In United States v. Gonzalez, No. 19-14381 (June 21, 2023) (Jordan, Newsom, Tjoflat), the Court revised its earlier panel opinion from August 2021 in light of the Supreme Court’s decision in Concepcion.  It again affirmed the denial of Mr. Gonzalez’s motion under § 404(b) of the First Step Act.   

The Court reaffirmed its conclusion that Mr. Gonzalez’s revocation of supervised release sentence was eligible for a reduction under the First Step Act because the underlying offense was a covered offense under § 404(b).  
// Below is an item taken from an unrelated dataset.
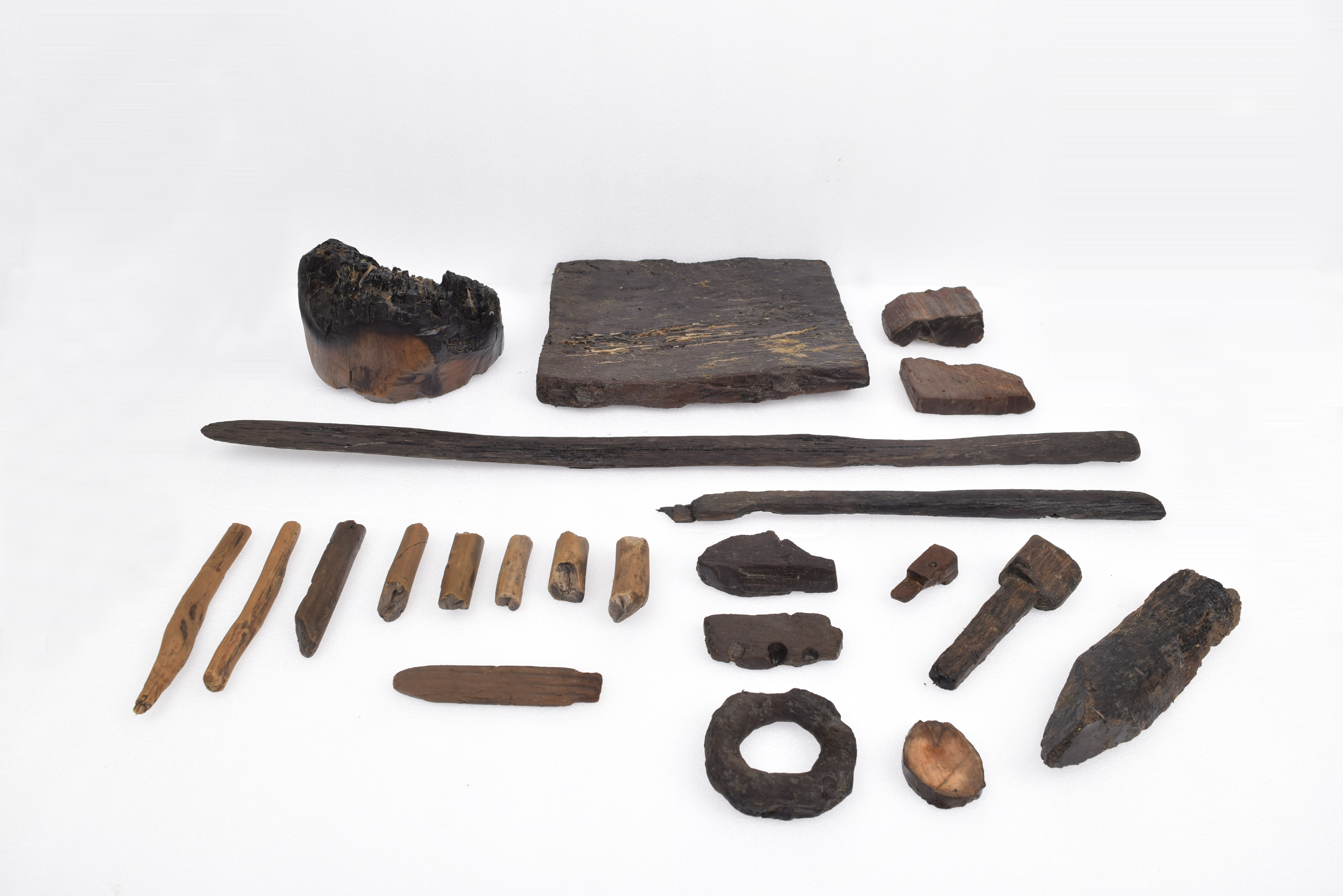 ○ 목제유물로 묵서(墨書)가 쓰인 목간·문 손잡이·말뚝·목제 빗 등 출토, 곰·소·자라·두루미·개뼈 등 다양한 종류의 동물유체를 비롯하여 산성 내 철 생산의 증거물인 슬래그와 노벽편 출토, 곰 유체는 경주 월성 등 신라유적에서 주로 출토
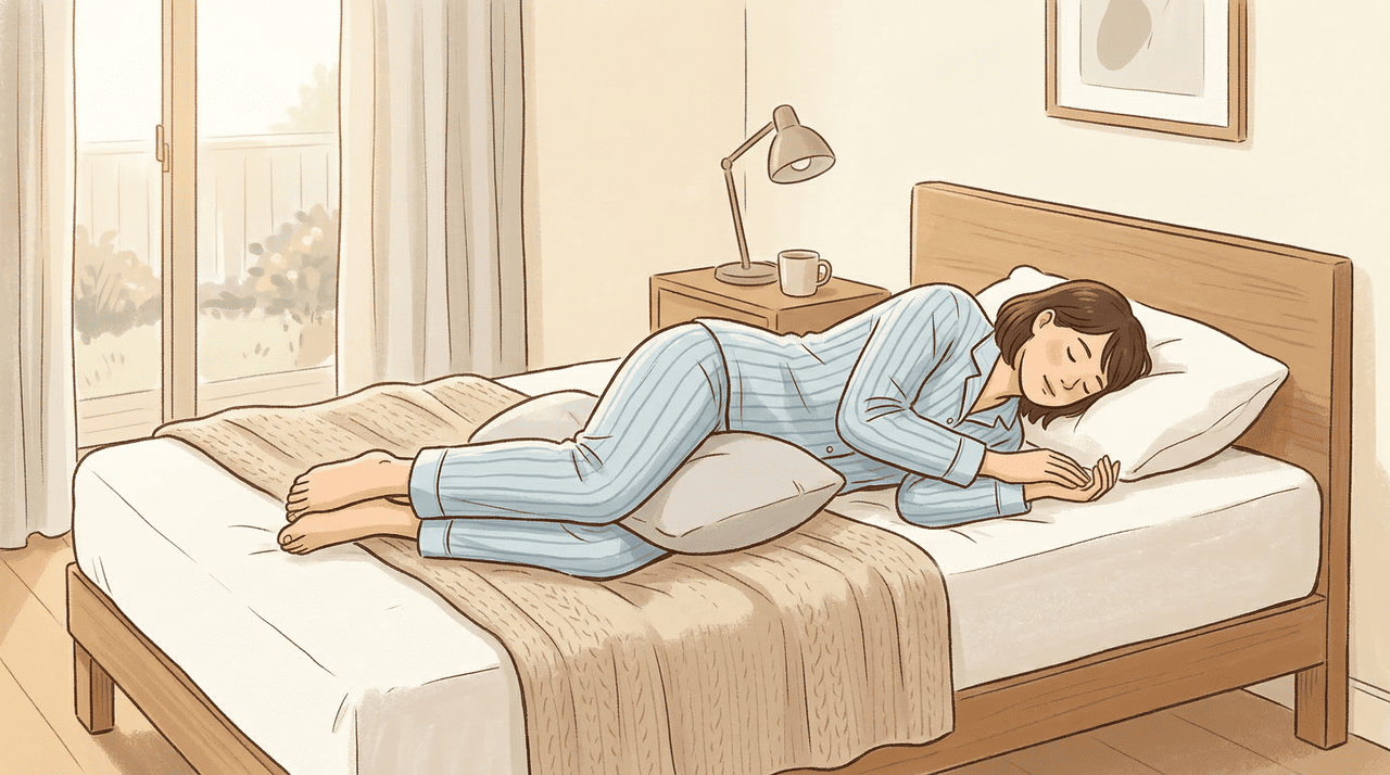 A posição lateral é a mais adotada pela maioria das pessoas e pode ser muito benéfica para a saúde da coluna quando executada da forma adequada. Para que funcione bem, é fundamental usar um travesseiro entre os joelhos, pois esse apoio mantém o quadril alinhado e evita a rotação da região lombar durante a noite.

The Court noted, however, that eligibility “is not the end of the matter,” because though § 404(b) authorizes district courts to reduce sentences of defendants with covered offenses, it does not require them to do so.  In his post-Concepcion briefing, Mr. Gonzalez urged the Court to hold that district courts must always calculate and consider a defendant’s new range under the Sentencing Guidelines before exercising its discretion under § 404(b), as the Seventh Circuit held in United States v. Corner, 967 F.3d 662, 666 (7th Cir. 2020), but the Court declined.  The Court disagreed with Mr. Gonzalez’s argument that because the district court never made any determination as to his applicable penalty, it failed to demonstrate that it “reasoned through [his] arguments,” as required by Concepcion.  That is, here, the district court did not abuse its discretion in denying Mr. Gonzalez’s motion because it provided a brief statement of reasons that was clear and supported by the record.  As a result, the district court’s explanation of its refusal to reduce Mr. Gonzalez’s sentence did not violate Concepcion.